Production RAG: what I learned from processing 5M+ documents

1. n_u ◴[20 Oct 25 17:26 UTC] No.45646587[source]▶

> Reranking: the highest value 5 lines of code you'll add. The chunk ranking shifted a lot. More than you'd expect. Reranking can many times make up for a bad setup if you pass in enough chunks. We found the ideal reranker set-up to be 50 chunk input -> 15 output.

What is re-ranking in the context of RAG? Why not just show the code if it’s only 5 lines?

replies(1): >>45646678 #

2. tifa2up ◴[20 Oct 25 17:34 UTC] No.45646678[source]▶

>>45646587 (TP) #

OP. Reranking is a specialized LLM that takes the user query, and a list of candidate results, then re-sets the order based on which ones are more relevant to the query.

Here's sample code: https://docs.cohere.com/reference/rerank

replies(1): >>45647377 #

3. yahoozoo ◴[20 Oct 25 18:29 UTC] No.45647377[source]▶

>>45646678 #

What is the difference between reranking versus generating text embeddings and comparing with cosine similarity?

replies(5): >>45647756 #>>45648506 #>>45649932 #>>45652751 #>>45655281 #

4. tifa2up ◴[20 Oct 25 18:58 UTC] No.45647756{3}[source]▶

>>45647377 #

text similarity finds items that closely match.
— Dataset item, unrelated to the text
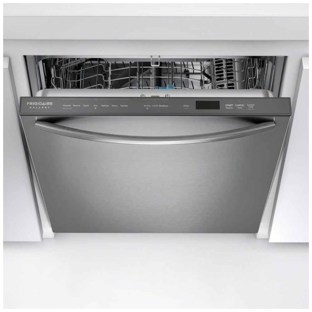 The Frigidaire Gallery GDSH4715AF Dishwasher features CleanBoost Technology, NSF-Certified Sanitize Option, DishSense Sensor Technology, OrbitClean Wash System, Third-Level Rack, Adjustable Racks, Convenient Status Indicator Floor Light, Smudge-Proof Stainless Steel, and MaxBoost Dry Technology.

Reranking my select items that are less semantically "similar" but are more relevant to the query.

5. derefr ◴[20 Oct 25 19:57 UTC] No.45648506{3}[source]▶

>>45647377 #

My understanding:

If you generate embeddings (of the query, and of the candidate documents) and compare them for similarity, you're essentially asking whether the documents "look like the question."

If you get an LLM to evaluate how well each candidate document follows from the query, you're asking whether the documents "look like an answer to the question."
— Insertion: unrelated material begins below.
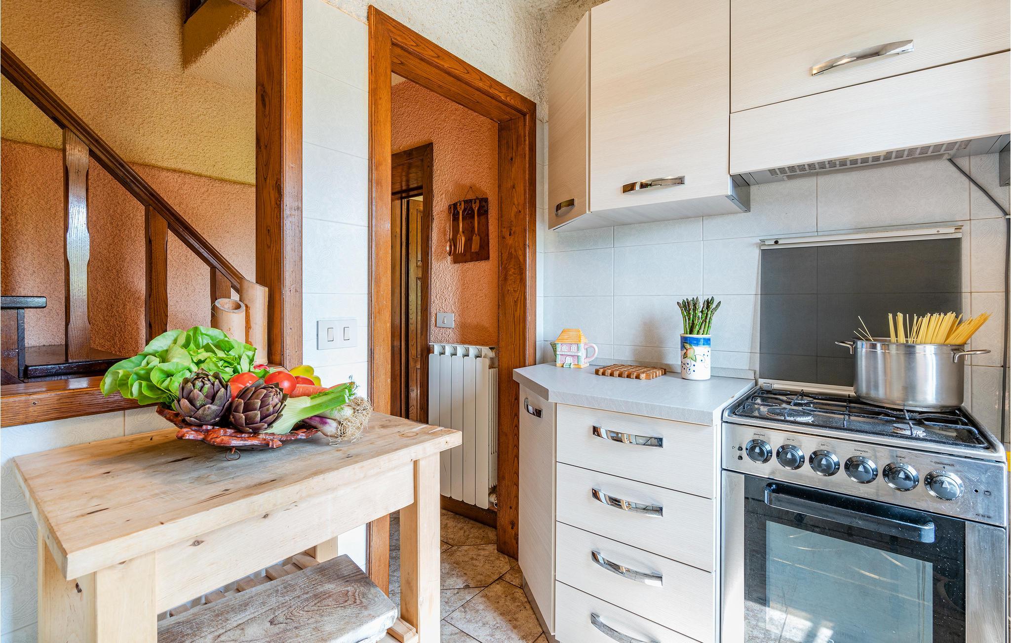 Erleben Sie einen entspannten Aufenthalt in diesem einfachen, aber funktionalen Ferienhaus am Rande des Garfagnana-Gebiets, nahe dem charmanten Ort Vallico Sopra. Die geräumige Unterkunft eignet sich ideal für eine große Familie, die das ländliche Italien entdecken möchten. Im Haus erwartet Sie eine schlichte, aber gemütliche Einrichtung. Die Wohnräume sind mit rustikalen Holzmöbeln ausgestattet, während helle Wände und traditionelle Dekorationen für eine angenehme Atmosphäre sorgen. Im Wohnbereich können Sie am großen Esstisch gemeinsame Mahlzeiten genießen oder es sich auf den Sitzmöbeln bequem machen. Die Küche bietet Ihnen die nötige Grundausstattung zur Selbstverpflegung.

An ideal candidate chunk/document from a cosine-similarity perspective, would be one that perfectly restates what the user said — whether or not that document actually helps the user. Which can be made to work, if you're e.g. indexing a knowledge base where every KB document is SEO-optimized to embed all pertinent questions a user might ask that "should lead" to that KB document. But for such documents, even matching the user's query text against a "dumb" tf-idf index will surface them. LLMs aren't gaining you any ground here. (As is evident by the fact that webpages SEO-optimized in this way could already be easily surfaced by old-school search engines if you typed such a query into them.)

An ideal candidate chunk/document from a re-ranking LLM's perspective, would be one that an instruction-following LLM (with the whole corpus in its context) would spit out as a response, if it were prompted with the user's query. E.g. if the user asks a question that could be answered with data, a document containing that data would rank highly. And that's exactly the kind of documents we'd like "semantic search" to surface.

replies(1): >>45651200 #

6. osigurdson ◴[20 Oct 25 21:56 UTC] No.45649932{3}[source]▶

>>45647377 #

Because LLMs are a lot smarter than embeddings and basic math. Think of the vector / lexical search as the first approximation.

7. Valk3_ ◴[21 Oct 25 00:42 UTC] No.45651200{4}[source]▶

>>45648506 #

I've been thinking about the problem of what to do if the answer to a question is very different to the question itself in embedding space. The KB method sounds interesting and not something I thought about, you sort work on the "document side" I guess. I've also heard of HYDE, the works on the query side, you generate hypothetical answers instead to the user query and look for documents that are similar to the answer, if I've understood it correctly.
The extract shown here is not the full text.